Solved: VSX cluster and CoreXL

Wipeout_ · ‎2025-04-14

I have a 2 node VSX cluster in which coreXL is not enabled in cpconfig (VS0), but it is for all 4 virtual systems hosted via smartconsole. Confirmed via "fw ctl multik stat" and "top" fwk instance number for each VS configured in the smartconsole. Thats correct.

# fw ctl affinity -l -r
CPU 0: Mgmt
CPU 1:
CPU 2:
CPU 3:
CPU 4:
CPU 5:
CPU 6:
CPU 7:
CPU 8:
... ...
CPU 43:
CPU 44:
CPU 45:
CPU 46:
CPU 47:
All:
Interface eth3-01: has multi queue enabled
Interface eth3-02: has multi queue enabled
Interface Sync: has multi queue enabled
Interface eth1-01: has multi queue enabled
Interface eth2-01: has multi queue enabled
Interface eth2-02: has multi queue enabled
Interface eth2-03: has multi queue enabled
Interface eth2-04: has multi queue enabled

CPU #0 is showing an average high cpu and some load peaks...

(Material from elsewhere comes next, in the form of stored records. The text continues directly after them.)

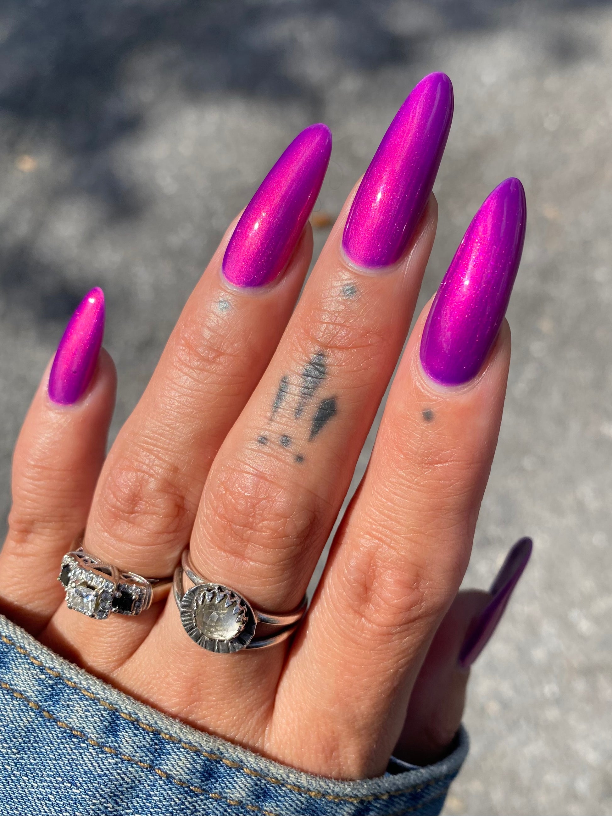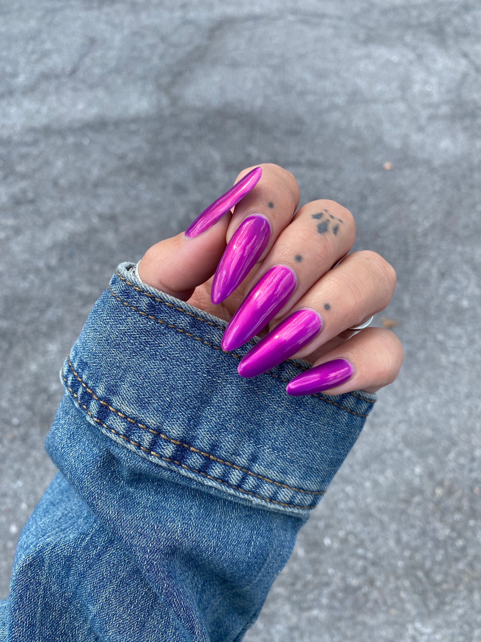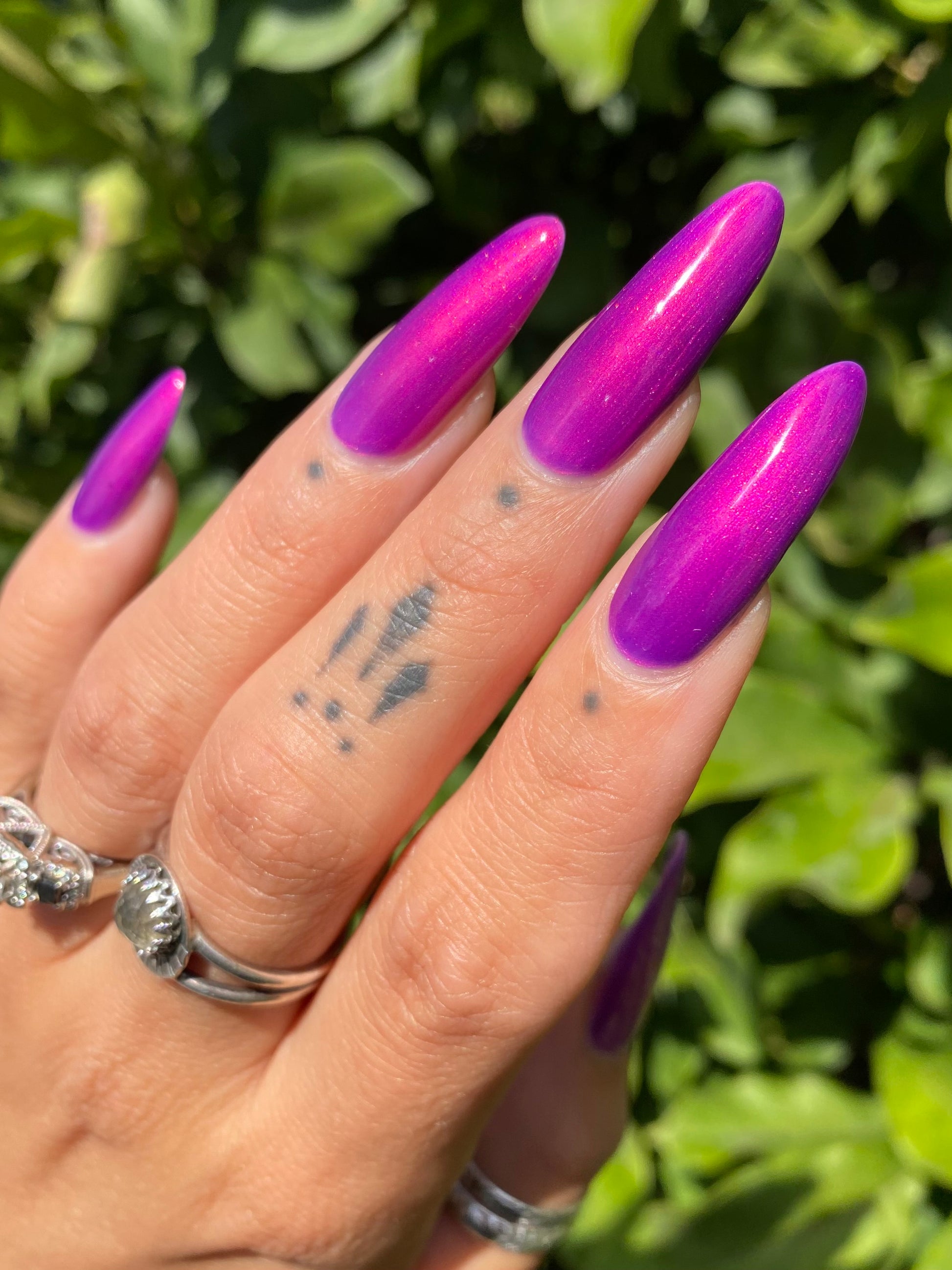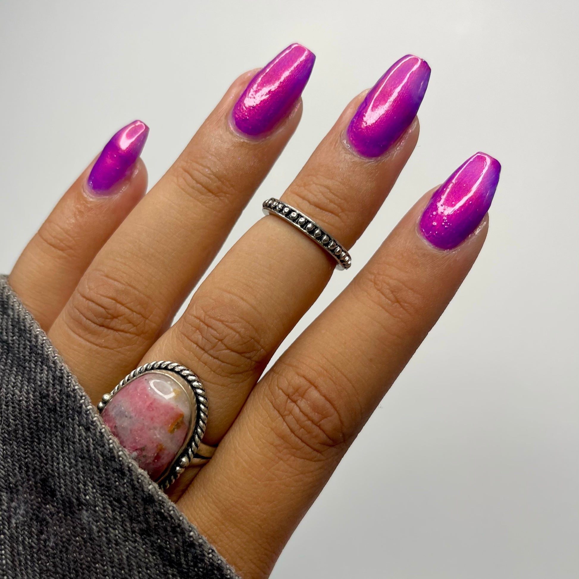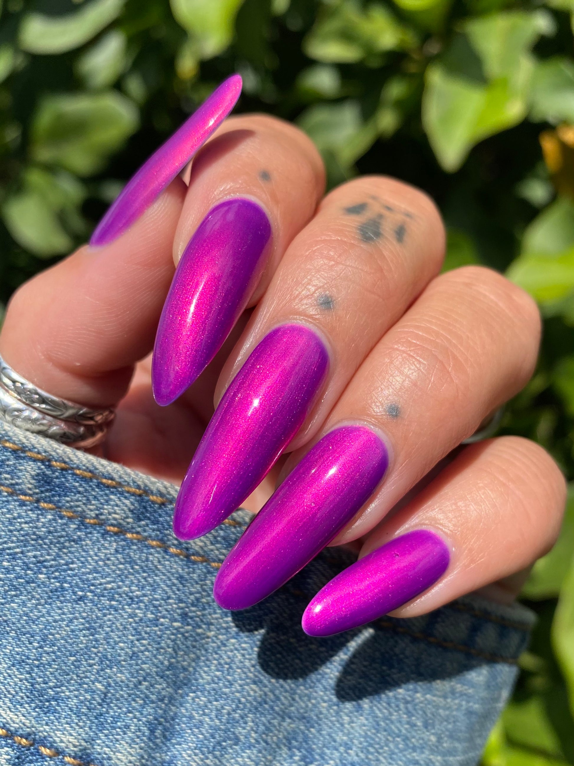 A neon pinkish purple with glowy reddish pink shimmer
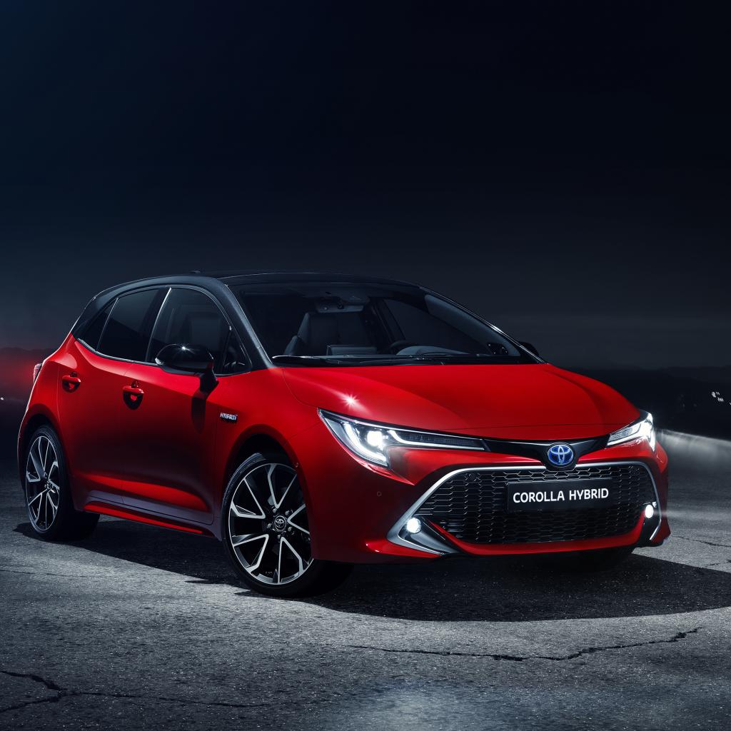 Wallpaper Red 2018 Toyota Corolla Hybrid in the light of lanterns
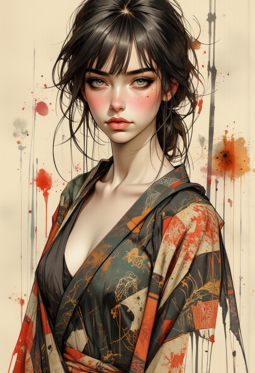 OBxiaoxiang, mythp0rt, inksketch, A traditional Japanese ink-on-paper masterpiece blending wabi-sabi aesthetics with a sensual, surreal edge. The artwork features an erotic yet stunning oriental priestess, her delicate face framed by flowing dark hair, bangs, sidelocks. Her captivating green irises glow softly, contrasting against her pale skin, as she gazes seductively at the viewer. Sepia and carmine ink flow harmoniously, She is wearing traditional kimono that slips from her shoulders, revealing deep cleavage. Abstract swirls of henna-hued patterns flow around her form, creating a sense of ethereal movement. Vibrant splashes of surreal colors—a muted crimson, soft gold, and smoky charcoal—enhance the ink composition, giving it life while embracing the imperfections and fluidity of wabi-sabi. The priestess embodies a mystical yet erotic presence, seamlessly merging traditional Japanese beauty with surreal allure
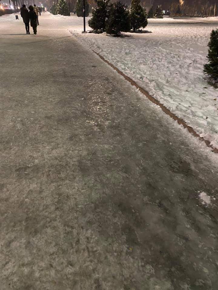 Жительница Бишкека пожаловалась на скользкие тротуары в центре столицы. Своим возмущением Юлия Фролова поделилась на Facebook.
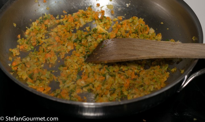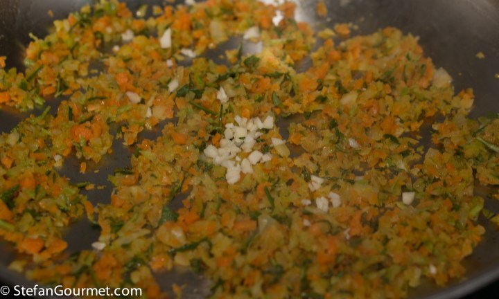 Add minced garlic and stir for another minute. The garlic is added later to make sure it won’t be overcooked.
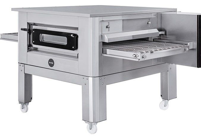 Elektromos fűtésű egyaknás, digitális vezérlésű, légkeveréses, alagút rendszerű pizzakemence, gördíthető alépítménnyel, akár 50-es pizza sütésére is alkalmas, rozsdamentes acél burkolat, formatervezet fogantyúval, rm. lenyitható ajtó, 60-320 C° külön szabályozható, alsó-felső fűtőbetéttel, kamraméret: 50×75×10cm Teljesítmény: 14,2 kW /400V Mérete: 186x121x50 cm +alépítmény, súly: 255 kg
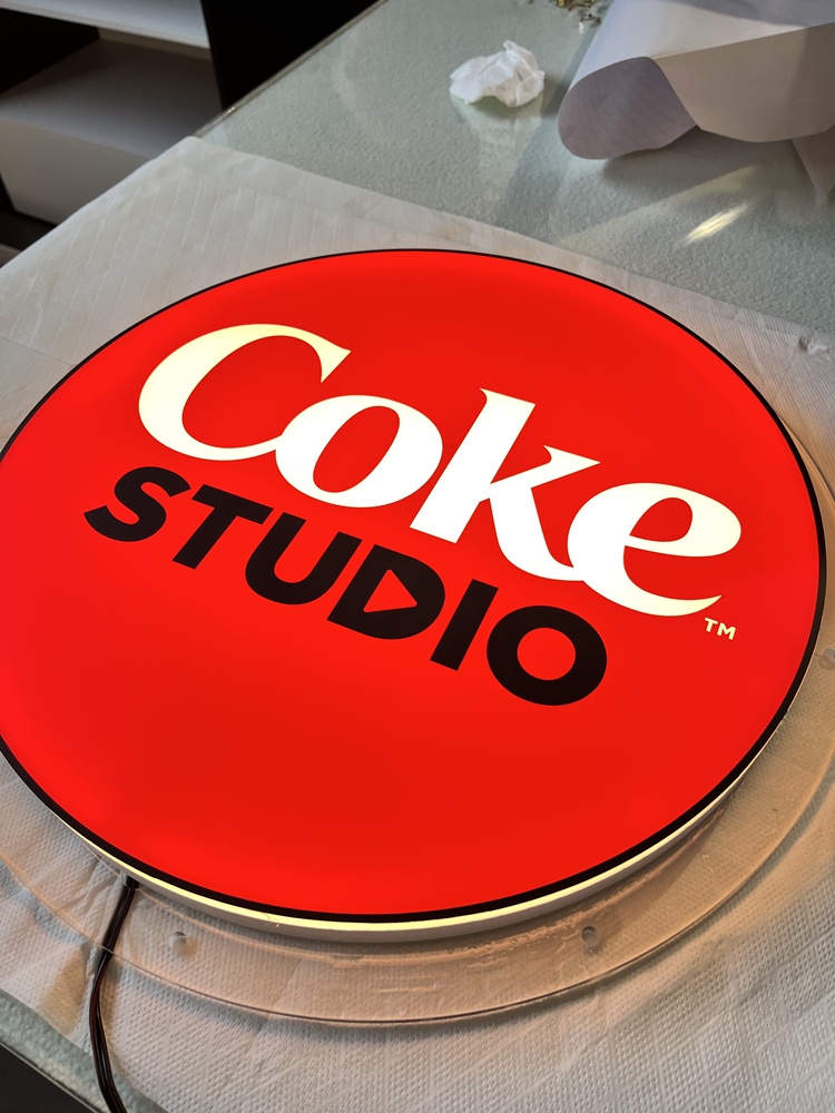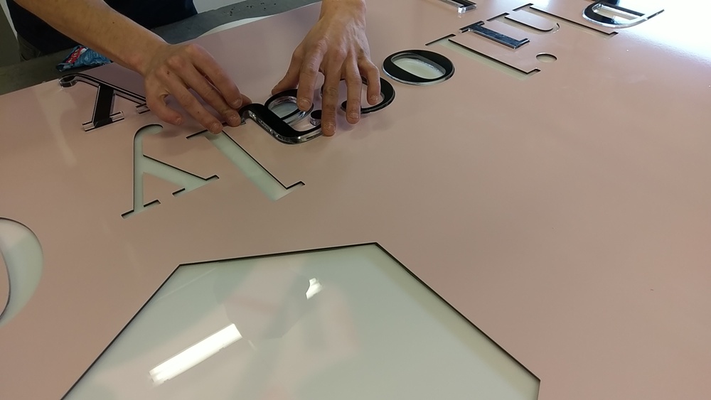 Die Front des Leuchtrahmen wird aus Dibond gefräst, um das gewünschte Logo in der gewünschten Form auszuschneiden. Der ausgeschnittene Teil wird mit Acrylglas gefüllt, das dann beleuchtet wird. Diese Füllung kann entweder durch das Unterkleben des Acrylglases unter die Dibondplatte oder durch das Durchschieben des Acrylglases durch die Dibondplatte erfolgen, was dem gesamten Leuchtkasten einen noch räumlicheren Charakter verleiht.
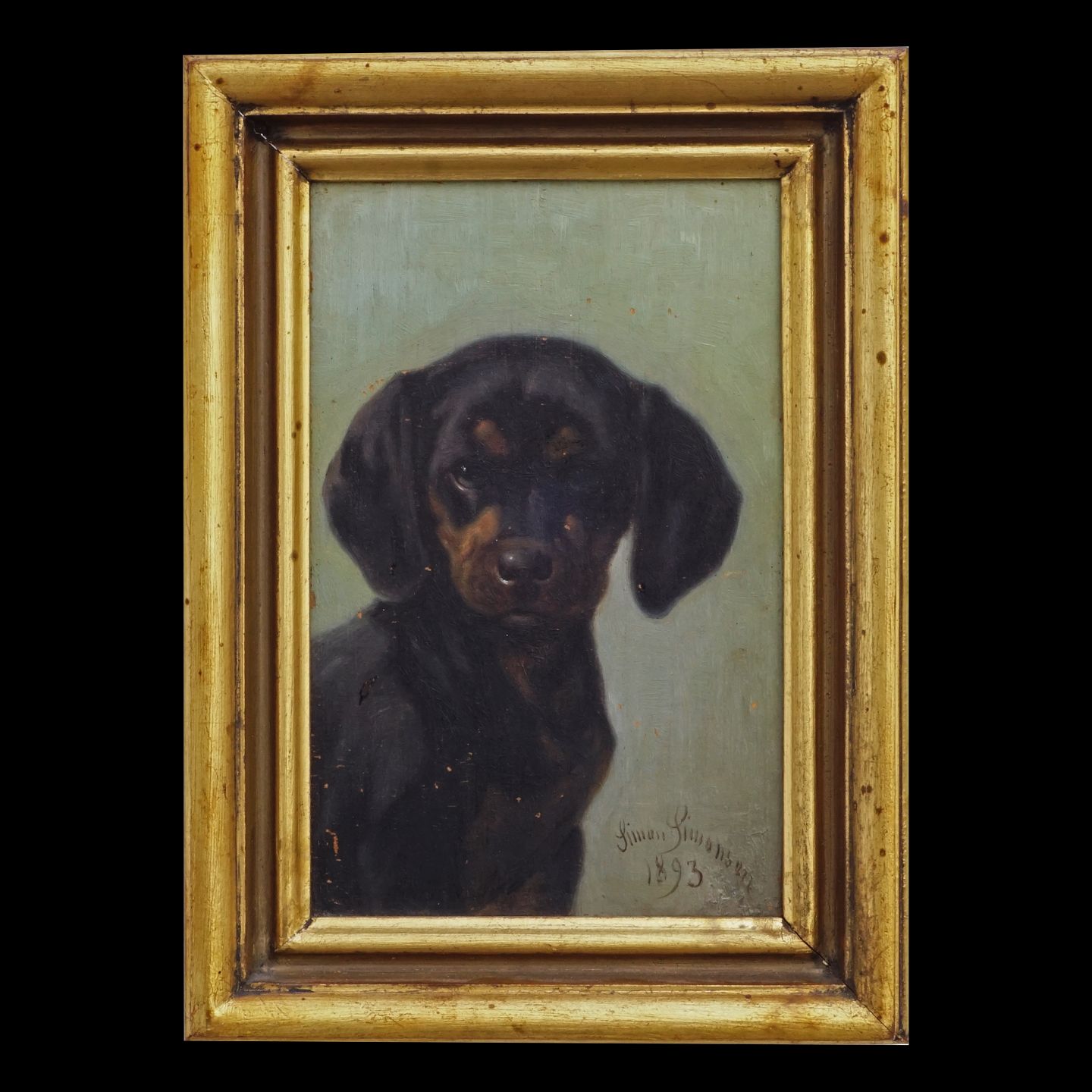 Simon Simonsen, 1841-1928, oil on plate. Dachshund. Signed and dated 1893. Visible size: 17,5x11cm. With frame: 23,5x17cm
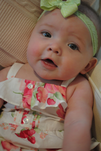She is growing so fast! She's so sweet! And the headband is adorable on her!
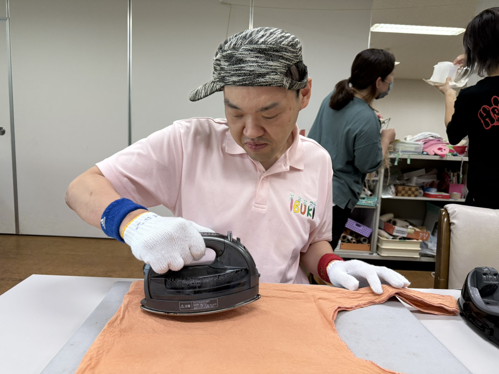 岩田さんはマルシェバッグやストールの仕上げのアイロンがけをしてくれています。「僕がやるとシワが伸びるんやてー」と得意気に教えてくれました♪
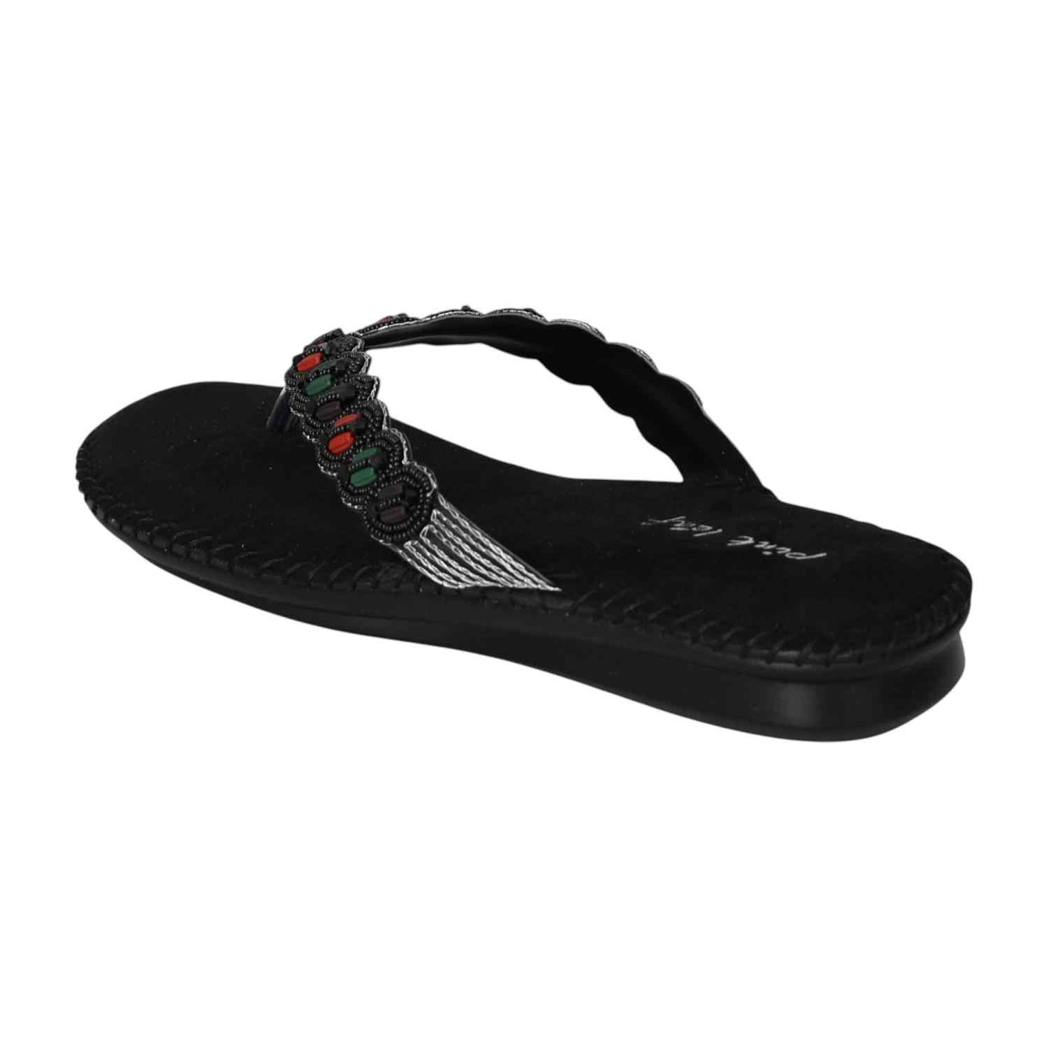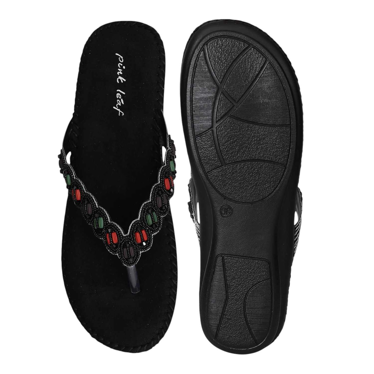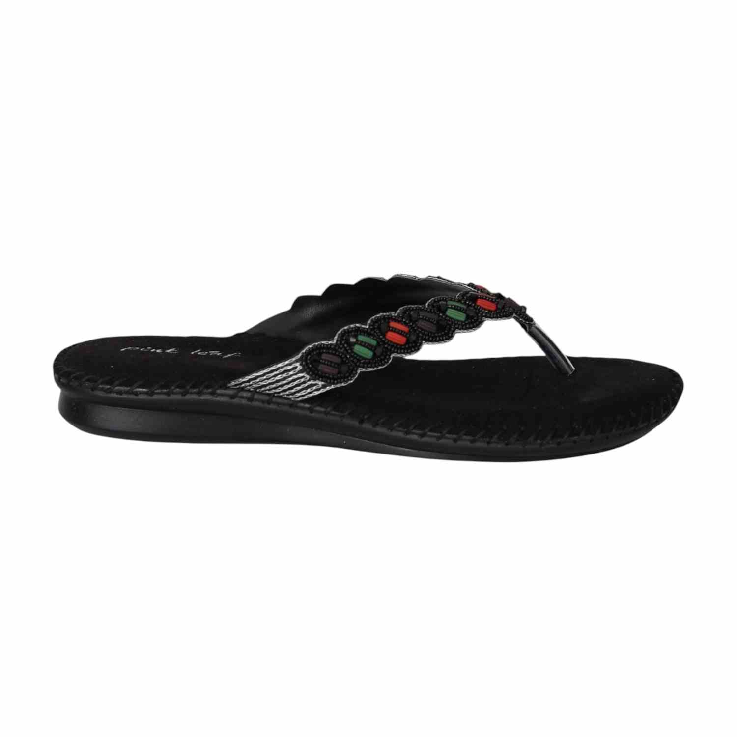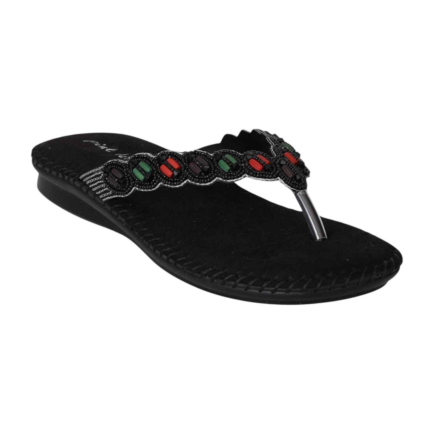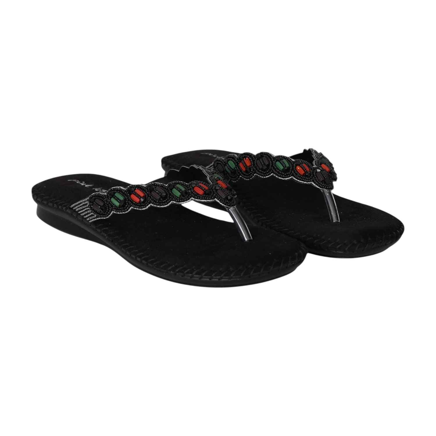 Add a touch of ethnic elegance to your wardrobe with these Black Ethnic Beaded Flats. Featuring vibrant, handcrafted beadwork on a comfortable cushioned footbed, these flats combine style and ease effortlessly. The subtle wedge heel offers a gentle lift while maintaining comfort for all-day wear. Perfect for casual outings, festive occasions, or whenever you want to make a statement with your footwear.

https://sc1.checkpoint.com/documents/R81.20/WebAdminGuides/EN/CP_R81.20_VSX_AdminGuide/Content/Topic... shows the following:

Important - Enabling CoreXL on VS 0 is not recommended because of increased memory overhead and potential performance degradation. Most CSX deployments and use cases do not require more than a single Firewall instance for VSO as its main purpose is managing the VSX Gateway.

¿Should i enable cpconfig in VS0 for better performance tuning?
¿Any other suggestion?

Thanks!

Chris_Atkinson · ‎2025-04-14

A similar recent discussion was had here in case it is useful for you:

https://community.checkpoint.com/t5/General-Topics/CoreXL-is-turned-off-by-default-on-a-brand-new-98...

CCSM R77/R80/ELITE

View solution in original post

_Val_ · ‎2025-04-14

As the Admin guide clearly says, you should NOT. Use the default settings.

Wipeout_ · ‎2025-04-14

Ok, thx Val.
What about having 48 cores but a single one with high cpu that seems to be assinged to Mgmt?

_Val_ · ‎2025-04-14

No issue. MGMT interface is not used for production traffic, right? Logs, policy installs, and control messages do not require lots of firepower, so a single CPX queued to that interface is just fine.

Wipeout_ · ‎2025-04-14

Thanks again for your replies Val.

As i've pasted before, fw ctl affinity does not show much info.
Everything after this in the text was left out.